There seems to be a couple of first timers coming in with a bang just recently. Don't say a lot, just the initial tyrant

Coincidence?

Cheers


----------



## wayneL (24 August 2009)

orix said:


> Straddles, strangles, bull spread, bear spread, iron condors, butterflies...... Its all ****e *over the long run*.




There is actually an error of logic in the OP.

Let's look at the example of straddles and let's say some trader took every long ATM straddle over a long period of time. 

Well guess what? There are two sides to every trade.

If those long straddles are a loser over the long run, what does that mean?

Yep! You guessed it, if you wrote every corresponding short ATM straddle, in other words, you took the other side of every one of the first trader's trade, YOU ARE A WINNER OVER THE LONG RUN.

(N.B. *This is just an example and not a suggestion to trade short straddles*)

If you're losing on bull spreads, somebody else is making money on the bear spread etc etc.

This is what I mean by:

Nothing works.
Everything works.

FWIW


----------



## cutz (25 August 2009)

hi orix,

If you don't mind why don't you tell us what went wrong, at least maybe we can all learn something from it, i can only assume you've been caught out in this rally.


----------



## orix (25 August 2009)

Hello Wayne,
                 Your analogy of being on the right side of a straddle as being proof that systems do work seems to me to be the same as saying if you bet on black when the balls rolls onto a red number your system is still a winner. Everything works.... but does it work above and beyond chance.


----------



## gooner (25 August 2009)

wayneL said:


> There is actually an error of logic in the OP.
> 
> Let's look at the example of straddles and let's say some trader took every long ATM straddle over a long period of time.
> 
> ...




Except of course when both sides are dealing with a provider who charges huge margins and brokerage and thus is the only winner.


----------



## wayneL (25 August 2009)

orix said:


> Hello Wayne,
> Your analogy of being on the right side of a straddle as being proof that systems do work seems to me to be the same as saying if you bet on black when the balls rolls onto a red number your system is still a winner. Everything works.... but does it work above and beyond chance.



Yes.

The key is in pricing, viz, volatility. You take a volatility bet every time you trade options, whether aware of it or not.

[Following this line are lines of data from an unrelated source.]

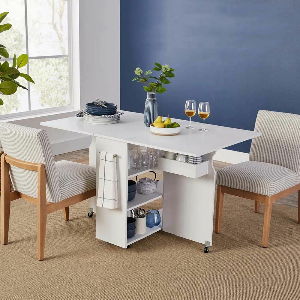 Az összecsukható gurulós asztal, kinyitható asztallapjával a legkisebb lakásokba is praktikus és esztétikus megoldást jelent.
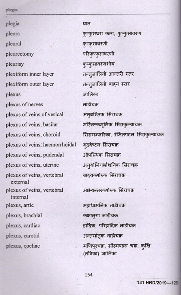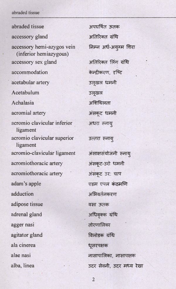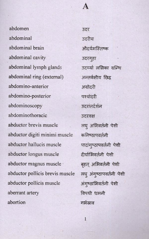 शरीर रचना विज्ञान शब्द-संग्रह: Glossary of Anatomy (English-Hindi)
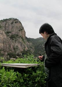 十田的創作始終在繼承好傳統再尋求創新的理念支撐下進行的。他很注重對傳統經典繪畫的借鑑與吸收。王蒙、倪贊、弘仁、石濤、髡殘等等藝術家他都經過細緻的研究。從實臨到意臨,由局部至整體,不斷的從中吸取養料,然後轉化為符合自己審美需求的筆墨線條。在他最近創作的一批作品中,能夠充分的體現他對傳統筆墨的重視深度。山水的意境多受倪瓚、弘仁的影響,筆墨簡潔、線條蒼茫、內涵深厚。古人云:刪繁就簡三秋樹,領異標新二月花。棄繁為簡,變滿為空,這是一種認識的升華,也是一個艱苦的過程。倪瓚、八大的畫都非常的簡,但畫上的每一筆都是作品中的重要元素,缺一筆嫌少,加一筆則多。更重要的是,每一筆都能傳達作者的思想感情,表現對人生的理解與感悟。十田從四川到新疆再輾轉定居於北京,特別是十幾年的軍旅生活的磨練,豐富了他的人生閱歷,這對他的藝術之路具有十分重要的意義。在深入的學習借鑑古人之後,再回到自然的懷抱,到名山大川中去感受生活、體驗人生,不斷的積澱創作素材,使作品既尊重傳統,又符合當代的審美特徵。
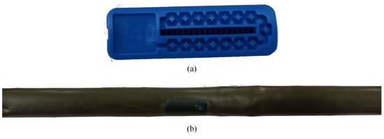 To examine the reliability of CFD simulated data, a set of key parameter combinations of the SWRLC emitter was randomly selected and manufactured by EDM technology and the IM method. SWRLC emitters selected the drip belts with a 16 mm inner diameter and 0.3 mm wall thickness. The distance between SWRLC emitters on drip belts was 40 cm. The physical models of the SWRLC emitter and drip belts are shown in Figure 7.
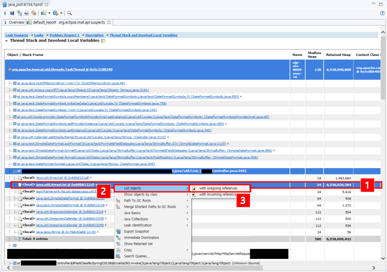 1번 박스를 보면 딱봐도 저 0x66b6121c0 주소에 할당된 객체가 6.5기가나 잡아먹고 있다는것이 보인다. 그 객체를 눌러서2번 박스처럼 List Object를 눌러주자, 오른쪽 마우스누르는게 아니다. 저 주소값 적혀있는 객체 이름을 눌러주자. 그뒤 3번에 있는 with outgoing references 버튼을 눌러주자.
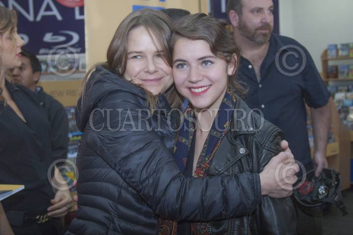MÉXICO, D.F., 12FERBERO2013.- Las actrices, Nailea Norvind y su hija Tessa Ía González Norvind se abrazan al termino de la conferencia de prensa donde se presentó la cinta "Despues de Lucía" de la cual Tessa es protagonista en DVD y Blue Ray. La película de Michel Franco compite este fin de semana en los PRemios Goya en la categoria de mejor cinta Iberamericana. FOTO: FRANCISCO RODRÍGUEZ /CUARTOSCURO.COM
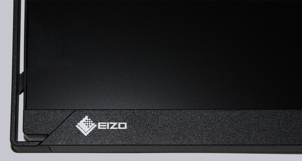 Es stört unserer Ansicht nach doch etwas die an sich schlicht-schöne Optik des Monitors, aber es ist mal etwas anderes. Am unteren Rand finden wir dann das EIZO Logo.

To be successful in options you have to get good at trading volatility... (or be very good at picking direction). Straddles are a prime example of this.

The really big problem in Option Land is how they are being taught. Going back to the straddle, what "The Big O" teaches is a disgrace and a certain loser. It's not just them either, there are clowns everywhere. The Aussie scene is full of them.

If you can find the *right* information and grasp the right attitude to options trading and you're set IMO.


----------



## wayneL (25 August 2009)

gooner said:


> Except of course when both sides are dealing with a provider who charges huge margins and brokerage and thus is the only winner.




Well I can't help it if people insist on dealing with sheisters. 

I pay 75c per contract and refuse to play with super wide spreads.


----------



## cutz (25 August 2009)

wayneL said:


> refuse to play with super wide spreads.




LOL,

Only last week i commented on how XJO's on the ASX aren't too bad only to be tripped up yesterday with a half baked spread with way too much negative theta (the WOTM short leg was a problem i chickened out).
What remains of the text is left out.